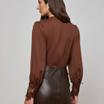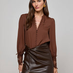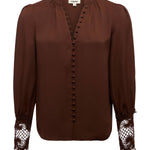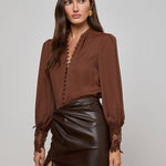 The Ava is a L’AGENCE classic year after year. This beautiful vintage-inspired blouse is crafted with extended cuffs in exquisite scalloped lace. Now in hot fudge brown.
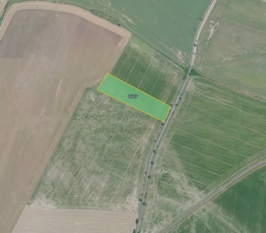 Celková výměra pozemku činí 8 776 m², z toho k prodeji je na ní 4 388 m². Celá plocha je ornou půdou. Parcela leží v rovině přímo u zpevněné cesty. Výhodný je také její pravidelný tvar pro efektivní hospodaření.
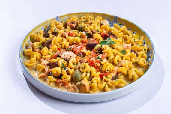 Trofie pasta in a light mascarpone and lemon sauce and reduction of roasted tomato sauce, with salmon and herbs.
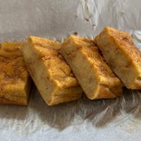 想像以上にふわふわして甘くて幸せになれるパウンドケーキケーキでした。バターを80グラムにしてグラニュー糖を65グラムにしたんだけど、キャラメルとバナナの甘味が強いので次回は40グラムくらいまで減らそうと思う。また絶対に作る!
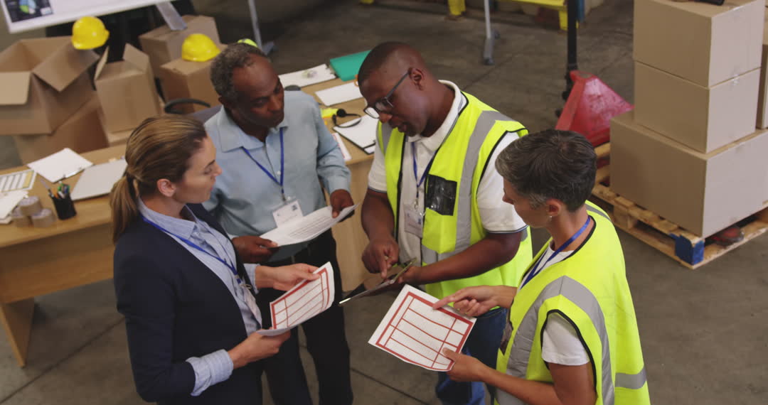 - Warehouse Team Collaborating on Logistics in Distribution Center
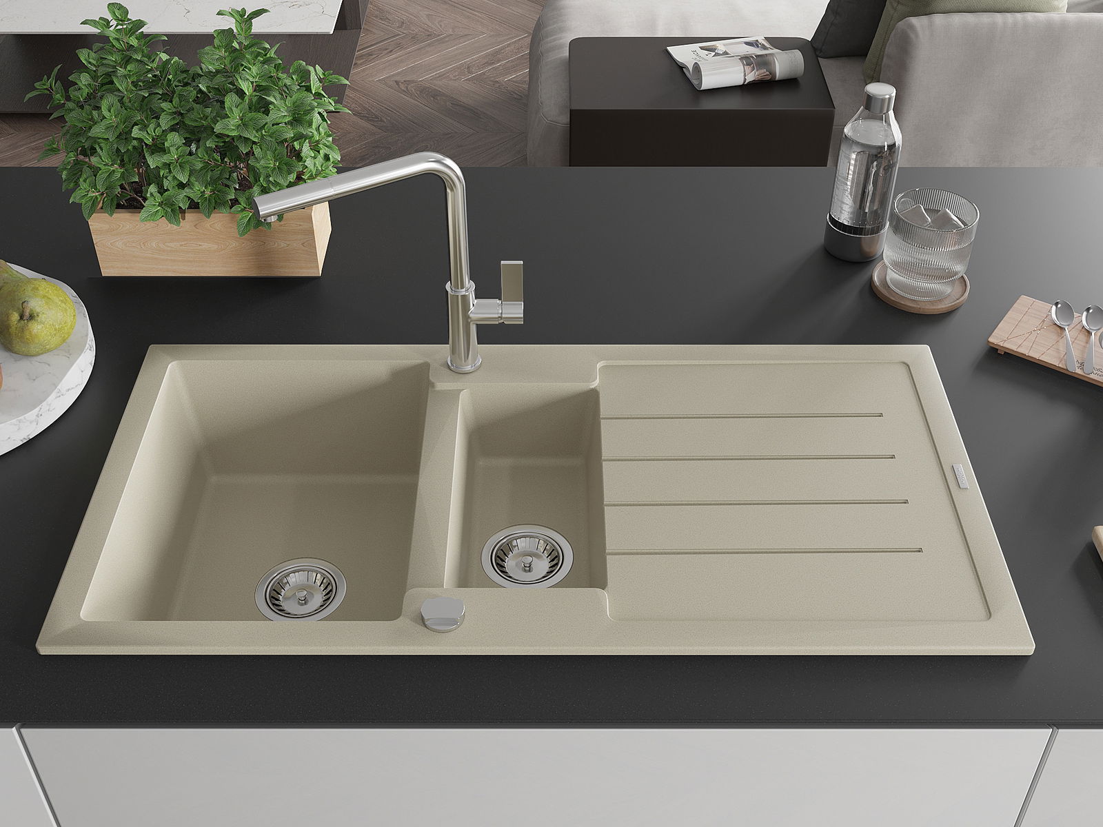 Dobrze zabezpieczona powierzchnia zlewozmywaka hamuje wnikanie zabrudzeń do jego wewnętrznych struktur. Dzięki temu utrzymanie zlewu w czystości jest jeszcze łatwiejsze, a jego powierzchnia zachowuje swoją estetykę na dłużej.
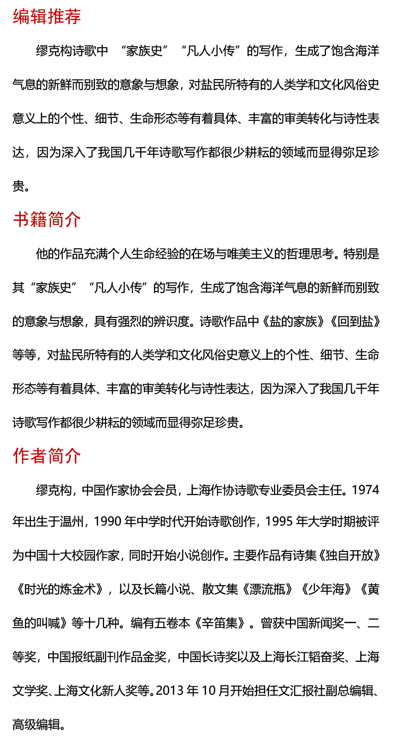 盐的家族 缪克构著精装版 诗歌作品精选集 海洋气息新鲜别致的意象与想象 人类学风俗史价值 正版 华东师范大学出版社
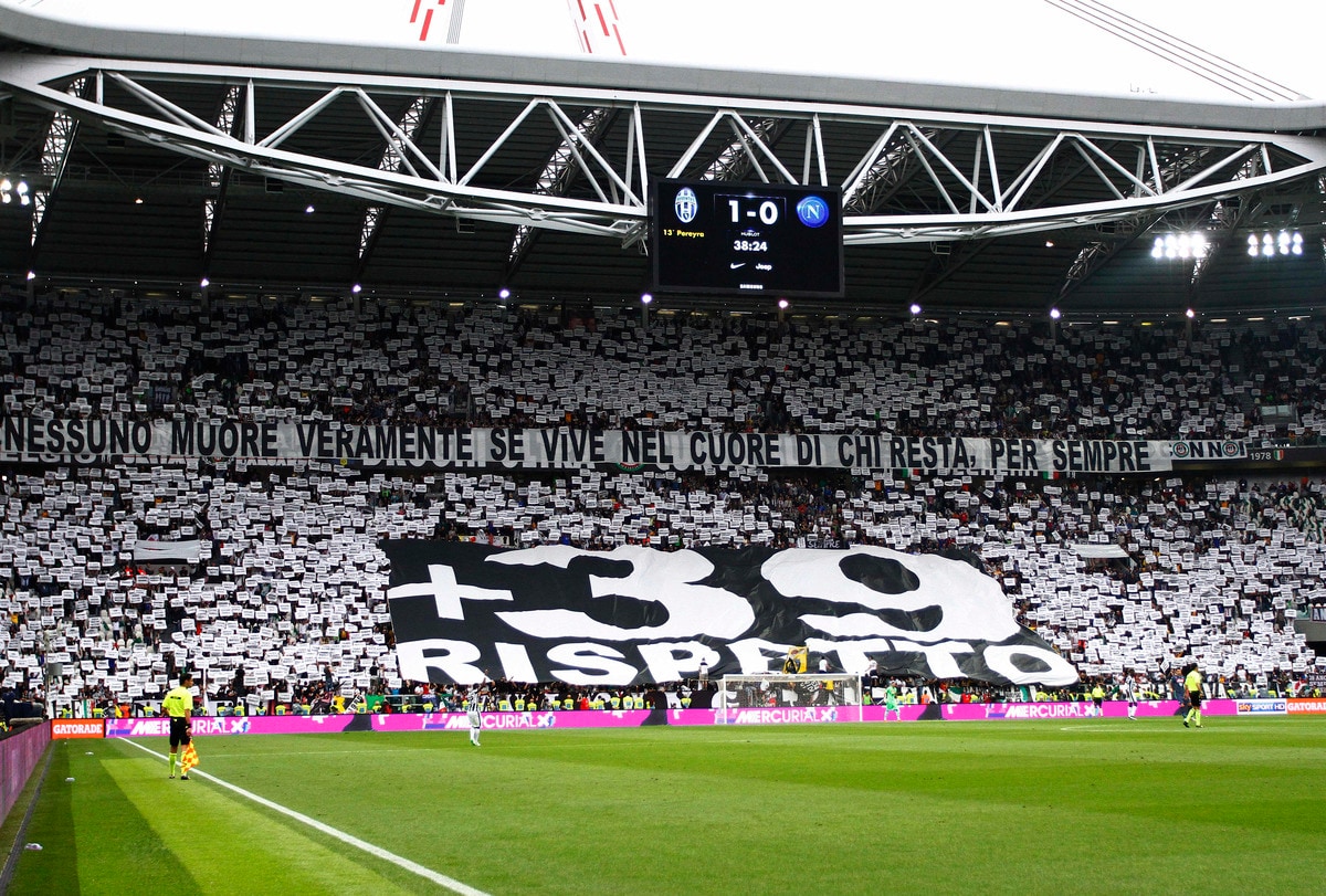 Il ricordo, esposto al 39', per le 39 vittime dell'Heysel, di cui il 29 maggio ricorre il trentennale
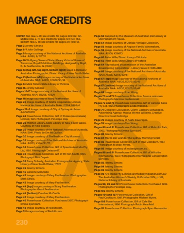 COVER Top row, L%u2013R: see credits for pages 200; 82; 191. Middle row, L%u2013R: see credits for pages 104; 131; 158. Bottom row, L%u2013R: see credits for pages 211; 108; 91.Page 2 Jeremy SimonsPage 6-7 John GollingsPage 9 Image courtesy of the National Archives of Australia. NAA: A6180, 9/2/77/1Page 10 Wolfgang Sievers/State Library Victoria/House of Tomorrow, Royal Exhibition Buildings, designed by Boyd, R., & Featherston, G. (1949)Page 13 (top left, top right, bottom right) David J. Hickson/Australian Photographic/State Library of New South WalesPage 13 (bottom left) Image courtesy of the National Archives of Australia. NAA: A12111, 1/1969/21/38Page 14 Mark Strizic/State Library of VictoriaPage 15 Jeremy SimonsPages 16-17 Image courtesy of the National Archives of Australia. NAA: B6295, 4032VPage 18 Image courtesy of Mary Featherston.Page 20 Image courtesy of Telstra Corporation Limited, National Archives of Australia. NAA: J2364, 9988/6Pages 22%u20133 Image courtesy of City of Sydney Archives: A-00059376Page 24 Powerhouse Collection. Gift of Stokes (Australasia) Limited, 1991. Photograph Penelope Clay.Page 26 Mitchell Library, State Library of New South Wales. Courtesy of Nino Sydney.Page 29 Image courtesy of the National Archives of Australia. NAA: B941. Photo by Ern McQuillan.Page 30 Image courtesy of Shellharbour City Museum.Page 32 Image courtesy of the National Archives of Australia. NAA: A6135, K10/4/81/75Page 34 Powerhouse Collection. Gift of Speedo Australia Pty Ltd, 1992. Photograph DatacomIT.Page 36 Powerhouse Collection. Gift of Mr Ron Sevitt, 1994. Photograph Max Dupain.Page 38 Barry Doherty, Australian Photographic Agency, State Library of New South Wales, 17670Page 39 Jeremy SimonsPage 40 Caroline McCrediePage 42 Image courtesy of Mary Featherston. Photographer Mark%u00a0Strizic.Page 43 Image courtesy of Mary Featherston.Page 44 (top) Image courtesy of Mary Featherston. Photographer Grant Featherston.Page 44 (bottom) Caroline McCrediePage 45 Image courtesy of Mary Featherston.Page 46 Powerhouse Collection. Purchased 2017. Photograph Emma Bjorndahl.Page 48 Image courtesy of Reckitt.com.Page 51 Image courtesy of Reckitt.com.Page 52 Supplied by the Museum of Australian Democracy at Old Parliament House.Page 54 Image courtesy of Qantas Heritage Collection.Page 56 Image courtesy of Angove Family Winemakers.Page 59 Image courtesy of the National Archives of Australia. NAA: A1500, K28673Page 60 Peter Wille/State Library of VictoriaPage 63 Peter Wille/State Library of VictoriaPage 64 Reproduced by permission of the Australian Broadcasting Corporation %u2013 Library Sales %u00a9 1965 ABCPage 66 Image courtesy of the National Archives of Australia. NAA: A6135, K31/5/82/51Page 67 (top) Image courtesy of the National Archives of Australia. NAA: A6135, K31/5/82/45Page 67 (bottom) Image courtesy of the National Archives of Australia. NAA: A6135, K31/5/82/49Page 68 Image courtesy of Ian Wong.Pages 70 and 71 Powerhouse Collection. Source unknown. Photographs Marinco Kojdanovski.Pages 72 and 73 Powerhouse Collection. Gift of Caroma Sales Pty Ltd, 1991. Photographs Linda Warlond.Page 74 Designer: Les Mason. Client: Cadbury Schweppes. Advertising Agency: Masius Wynne Williams. Creative Directive: Noel DelbridgePage 76 Images courtesy of Asahi Beverages.Page 78 Image courtesy of Ian Wong.Pages 80 and 81 Powerhouse Collection. Gift of Malcolm Park, 2003. Photographs Emma Bjorndahl.Page 82 Jeremy SimonsPage 84 Marco Del Grande/The Sydney Morning HeraldPage 85 Powerhouse Collection. Gift of Paul Cockburn, 1987. Photograph Michael Myers.Page 86 Image courtesy of invisedge.com.au.Pages 88 and 91 Powerhouse Collection. Gift of Wiltshire International, 1997. Photographs International Conservation Services.Page 92 Jeremy SimonsPage 94 Jeremy SimonsPage 95 Jeremy SimonsPage 96 Are Media Pty Limited/aremediasyndication.com.au/ The Australian Women%u2019s Weekly, 16 October 1974, p. 108, National Library of AustraliaPages 98, 99 and 101 Powerhouse Collection. Purchased 1992. Photographs Penelope Clay.Page 102 Jeremy SimonsPages 104 and 107 Powerhouse Collection. Gift of Paul%u00a0Cockburn, 1987. Photographs Michael Myers.Page 108 Powerhouse Collection. Gift of Cafe Bar International, 1990. Photograph Robin Hearfield.Page 111 Powerhouse Collection. Photograph Ryan Hernandez.230IMAGE CREDITS
++++++++++++++++++++
**Your objective**
Write out the whole listing exactly. Pictures stay out.

**Problem solution**
 The Ava is a L’AGENCE classic year after year. This beautiful vintage-inspired blouse is crafted with extended cuffs in exquisite scalloped lace. Now in hot fudge brown.
 Celková výměra pozemku činí 8 776 m², z toho k prodeji je na ní 4 388 m². Celá plocha je ornou půdou. Parcela leží v rovině přímo u zpevněné cesty. Výhodný je také její pravidelný tvar pro efektivní hospodaření.
 Trofie pasta in a light mascarpone and lemon sauce and reduction of roasted tomato sauce, with salmon and herbs.
 想像以上にふわふわして甘くて幸せになれるパウンドケーキケーキでした。バターを80グラムにしてグラニュー糖を65グラムにしたんだけど、キャラメルとバナナの甘味が強いので次回は40グラムくらいまで減らそうと思う。また絶対に作る!
 - Warehouse Team Collaborating on Logistics in Distribution Center
 Dobrze zabezpieczona powierzchnia zlewozmywaka hamuje wnikanie zabrudzeń do jego wewnętrznych struktur. Dzięki temu utrzymanie zlewu w czystości jest jeszcze łatwiejsze, a jego powierzchnia zachowuje swoją estetykę na dłużej.
 盐的家族 缪克构著精装版 诗歌作品精选集 海洋气息新鲜别致的意象与想象 人类学风俗史价值 正版 华东师范大学出版社
 Il ricordo, esposto al 39', per le 39 vittime dell'Heysel, di cui il 29 maggio ricorre il trentennale
 COVER Top row, L%u2013R: see credits for pages 200; 82; 191. Middle row, L%u2013R: see credits for pages 104; 131; 158. Bottom row, L%u2013R: see credits for pages 211; 108; 91.Page 2 Jeremy SimonsPage 6-7 John GollingsPage 9 Image courtesy of the National Archives of Australia. NAA: A6180, 9/2/77/1Page 10 Wolfgang Sievers/State Library Victoria/House of Tomorrow, Royal Exhibition Buildings, designed by Boyd, R., & Featherston, G. (1949)Page 13 (top left, top right, bottom right) David J. Hickson/Australian Photographic/State Library of New South WalesPage 13 (bottom left) Image courtesy of the National Archives of Australia. NAA: A12111, 1/1969/21/38Page 14 Mark Strizic/State Library of VictoriaPage 15 Jeremy SimonsPages 16-17 Image courtesy of the National Archives of Australia. NAA: B6295, 4032VPage 18 Image courtesy of Mary Featherston.Page 20 Image courtesy of Telstra Corporation Limited, National Archives of Australia. NAA: J2364, 9988/6Pages 22%u20133 Image courtesy of City of Sydney Archives: A-00059376Page 24 Powerhouse Collection. Gift of Stokes (Australasia) Limited, 1991. Photograph Penelope Clay.Page 26 Mitchell Library, State Library of New South Wales. Courtesy of Nino Sydney.Page 29 Image courtesy of the National Archives of Australia. NAA: B941. Photo by Ern McQuillan.Page 30 Image courtesy of Shellharbour City Museum.Page 32 Image courtesy of the National Archives of Australia. NAA: A6135, K10/4/81/75Page 34 Powerhouse Collection. Gift of Speedo Australia Pty Ltd, 1992. Photograph DatacomIT.Page 36 Powerhouse Collection. Gift of Mr Ron Sevitt, 1994. Photograph Max Dupain.Page 38 Barry Doherty, Australian Photographic Agency, State Library of New South Wales, 17670Page 39 Jeremy SimonsPage 40 Caroline McCrediePage 42 Image courtesy of Mary Featherston. Photographer Mark%u00a0Strizic.Page 43 Image courtesy of Mary Featherston.Page 44 (top) Image courtesy of Mary Featherston. Photographer Grant Featherston.Page 44 (bottom) Caroline McCrediePage 45 Image courtesy of Mary Featherston.Page 46 Powerhouse Collection. Purchased 2017. Photograph Emma Bjorndahl.Page 48 Image courtesy of Reckitt.com.Page 51 Image courtesy of Reckitt.com.Page 52 Supplied by the Museum of Australian Democracy at Old Parliament House.Page 54 Image courtesy of Qantas Heritage Collection.Page 56 Image courtesy of Angove Family Winemakers.Page 59 Image courtesy of the National Archives of Australia. NAA: A1500, K28673Page 60 Peter Wille/State Library of VictoriaPage 63 Peter Wille/State Library of VictoriaPage 64 Reproduced by permission of the Australian Broadcasting Corporation %u2013 Library Sales %u00a9 1965 ABCPage 66 Image courtesy of the National Archives of Australia. NAA: A6135, K31/5/82/51Page 67 (top) Image courtesy of the National Archives of Australia. NAA: A6135, K31/5/82/45Page 67 (bottom) Image courtesy of the National Archives of Australia. NAA: A6135, K31/5/82/49Page 68 Image courtesy of Ian Wong.Pages 70 and 71 Powerhouse Collection. Source unknown. Photographs Marinco Kojdanovski.Pages 72 and 73 Powerhouse Collection. Gift of Caroma Sales Pty Ltd, 1991. Photographs Linda Warlond.Page 74 Designer: Les Mason. Client: Cadbury Schweppes. Advertising Agency: Masius Wynne Williams. Creative Directive: Noel DelbridgePage 76 Images courtesy of Asahi Beverages.Page 78 Image courtesy of Ian Wong.Pages 80 and 81 Powerhouse Collection. Gift of Malcolm Park, 2003. Photographs Emma Bjorndahl.Page 82 Jeremy SimonsPage 84 Marco Del Grande/The Sydney Morning HeraldPage 85 Powerhouse Collection. Gift of Paul Cockburn, 1987. Photograph Michael Myers.Page 86 Image courtesy of invisedge.com.au.Pages 88 and 91 Powerhouse Collection. Gift of Wiltshire International, 1997. Photographs International Conservation Services.Page 92 Jeremy SimonsPage 94 Jeremy SimonsPage 95 Jeremy SimonsPage 96 Are Media Pty Limited/aremediasyndication.com.au/ The Australian Women%u2019s Weekly, 16 October 1974, p. 108, National Library of AustraliaPages 98, 99 and 101 Powerhouse Collection. Purchased 1992. Photographs Penelope Clay.Page 102 Jeremy SimonsPages 104 and 107 Powerhouse Collection. Gift of Paul%u00a0Cockburn, 1987. Photographs Michael Myers.Page 108 Powerhouse Collection. Gift of Cafe Bar International, 1990. Photograph Robin Hearfield.Page 111 Powerhouse Collection. Photograph Ryan Hernandez.230IMAGE CREDITS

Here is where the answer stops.